As we know, Article 2 does not stand alone. It is supported by and must be interpreted in the light of other provisions of the protocol and the withdrawal agreement. In particular, there is an obligation on the United Kingdom for what is known as dynamic alignment in certain situations. That means keeping Northern Ireland up to date with developments in European Union law. Let me emphasise: protected rights in the Good Friday agreement that are underpinned by EU law may not be diminished as a result of Brexit and have to keep up with EU advances. Article 2 of the protocol gives that overarching guarantee. However, Clause 14 of this Bill provides that Article 13(3) of the protocol, which is on dynamic alignment, is to be disapplied immediately. Clause 20(2) provides that, in proceedings relating to the protocol, a court or tribunal is not to be
“bound by any principles laid down, or any decisions made … by the European Court”.

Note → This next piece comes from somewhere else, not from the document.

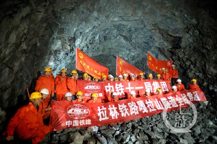 La photo montre le tunnel de la montagne Gala de la section Lhassa-Nyingchi du chemin de fer Sichuan-Tibet. Tous les employés ont pris une photo de groupe dans le tunnel.

I am afraid that that does involve a departure. It is important to understand that this Bill ranges more widely than undermining only the trade and customs provisions of the protocol. The Bill presents a real danger to the protection of human rights provisions because of the powers that it gives to Ministers, which are not confined to trade. I remind the House of the law of unintended consequences. It could have serious implications for the citizens of Northern Ireland and their rights. That is yet another reason why this Bill should be abandoned.
My Lords, I do not want to put the noble Baroness on the spot. However, since she is speaking of rights, does she have any answer made by the noble Lord, Lord Dodds of Duncairn, that the protocol itself abridges the democratic rights of the people of Northern Ireland as guaranteed by the UN declaration and the European convention in the making of their own laws?
I agree with the noble Lord, Lord Dodds, that the Bill is ill-conceived and does not consider the ways in which the overlapping provisions create real difficulties for the democratic rights of the people of Northern Ireland.